Deutsche Bank is turning to robots and artificial intelligence as it fires thousands of workers in an overhaul focused on ending a string of billion-dollar losses.  

The German bank is bringing in A.I. to automate back office operations, according to Financial News, after earlier this year the bank announced the cutting of 18,000 jobs, or about 20% of the workforce. Deutsche Bank expects the automation of many tasks to save $6.65 billion over the next three years.

Mark Matthews, the company’s operations head, told FN that the robot program, named Operations 4.0, is increasing productivity and has permitted the bank to “redistribute capacity.”  He said the program has saved about 680,000 hours of manual work as it processed 5 million transactions in its corporate bank and performed 3.4 million checks in its investment bank.

Deutsche Bank is expected to lose more than $5 billion this year as it pays for the restructuring amid a several-years running slump in revenue. Employing algorithms to cut human labor costs would be welcomed by investors hungry for profits and a reversal of the share price that’s collapsed over the past decade. 

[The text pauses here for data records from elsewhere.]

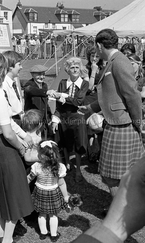 In his capacity as Baron of Renfrew HRH Charles, Prince of Wales visited the town's Robertson Park on a sunny day in June 1977. During his stay in the town, close to Paisley, he met various local organisation including the Red Cross, the Scouts and Guides and shook hands with many members of the large crowd. Picture by Stephen Mansfield.
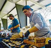 give it acrunchy crust. After thepizzas cool, he builds the pizzas and flash-bakes them.
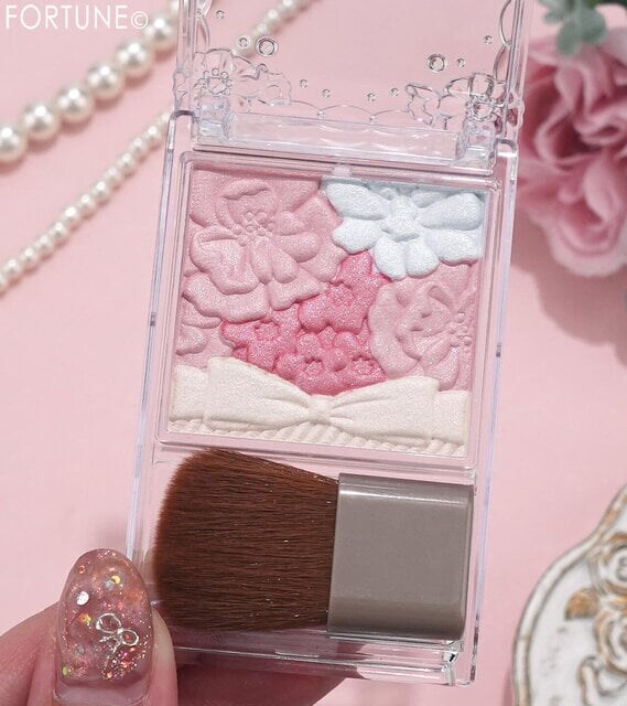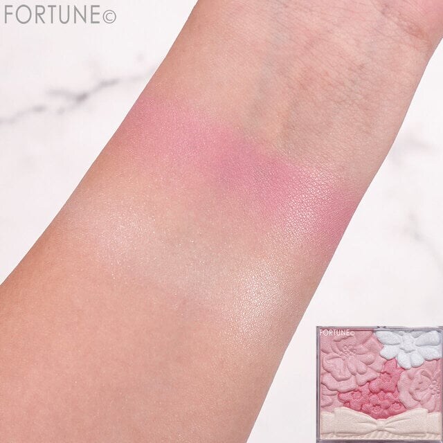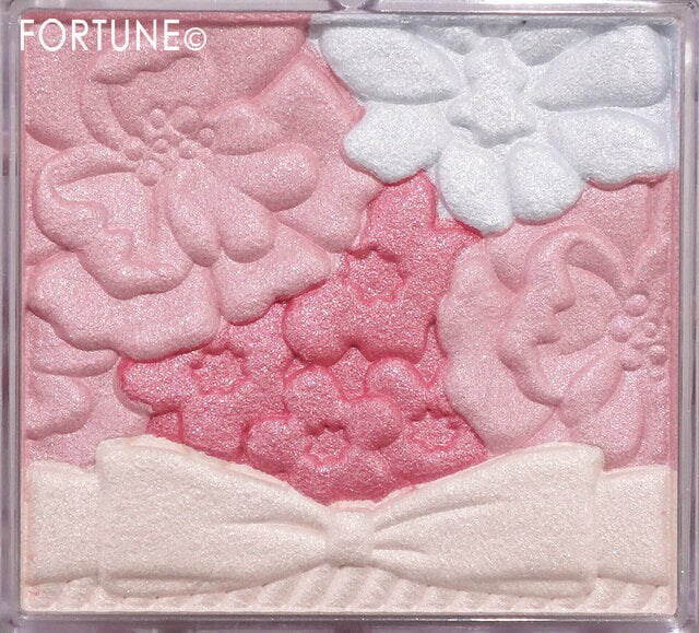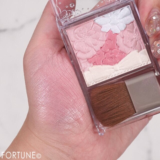 仕上げに、ツヤを足したい部分へグロウパウダー(パレット下側/リボンデザインの部分)をのせるだけで、立体感のある頬が完成します。

The company’s third-largest shareholder, private equity firm Cerberus Capital Management, is pushing for removal of Chairman Paul Achleitner, the Financial Times reported last week, who has overseen $10 billion in losses and the company’s exit from several lines of business. 

Deutsche Bank is also facing fines of as much as $1 billion in a U.S. Department of Justice investigation of the bank’s anti-money-laundering efforts, Bloomberg reported.

  • Deutsche Bank’s investment bank employs 9,000 in operations, Matthews told FN.
  • Banks are applying tech fixes to help with rising competition and costs. 
  • Overall, fintech investments are not flowing as freely as they once were. Global private investments in fintech industry dropped about a third this year from 2018, totalling $60.7 billion, according to PitchBook.